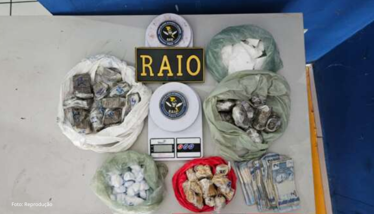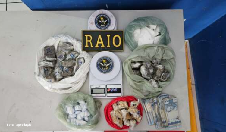 Os policiais militares do Comando de Policiamento de Rondas de Ações Intensivas e Ostensivas (CPRaio) receberam uma denúncia anônima, por volta das 12h, informando que um indivíduo escondendo drogas em um terreno baldio próximo a uma área de mata. Os raianos deram prosseguimento ao atendimento da ocorrência realizando as diligências. No local, foram encontradas 714 g de maconha, 711 g de cocaína e 340 g de crack e duas balanças de precisão.
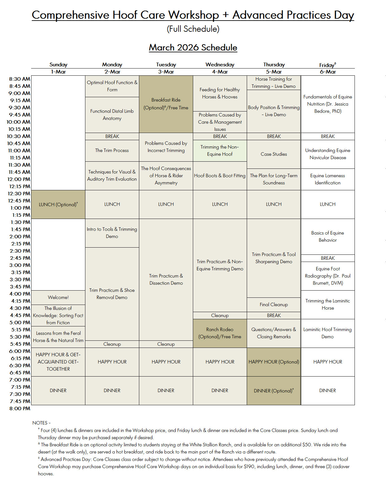 Core Classes Schedule
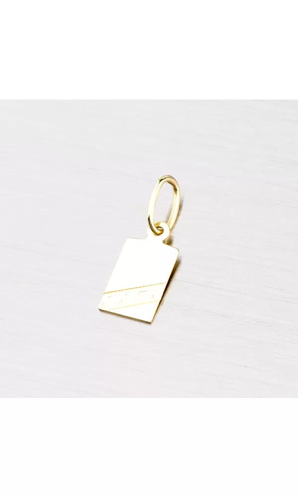 Moderný prívesok v tvare taniera je vyrobený zo žltých štrnástich -karátových zlatých 585/1000 v lesklom povrchu. Na prednej alebo zadnej časti prívesku môžete vyzdvihnúť vybraný text, napríklad meno alebo písmeno. Zadajte popis rytiny v špeciálnych požiadavkách poľa.
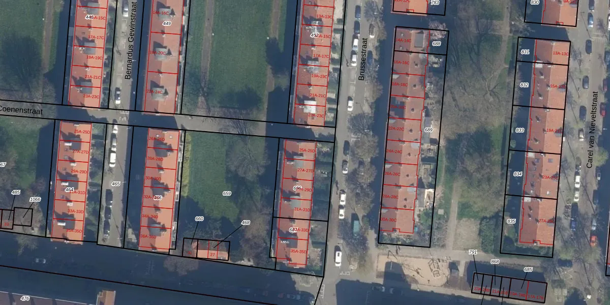 Het perceel waarop Brussestraat 25-A staat heeft een oppervlakte van 473 m². Dit is een groot perceel. De perceeloppervlakte wordt geregistreerd door het Kadaster. Gedetailleerde informatie over de maten van dit perceel kunt u vinden in het rapport Kadastrale kaart met maatvoering van Brussestraat 25-A.
--------------------
Instructions for the task:
Pictures excluded, repeat exactly the lines from the top of the material through the line with "Core Classes Schedule", including both of those lines.

Solution:
 Os policiais militares do Comando de Policiamento de Rondas de Ações Intensivas e Ostensivas (CPRaio) receberam uma denúncia anônima, por volta das 12h, informando que um indivíduo escondendo drogas em um terreno baldio próximo a uma área de mata. Os raianos deram prosseguimento ao atendimento da ocorrência realizando as diligências. No local, foram encontradas 714 g de maconha, 711 g de cocaína e 340 g de crack e duas balanças de precisão.
 Core Classes Schedule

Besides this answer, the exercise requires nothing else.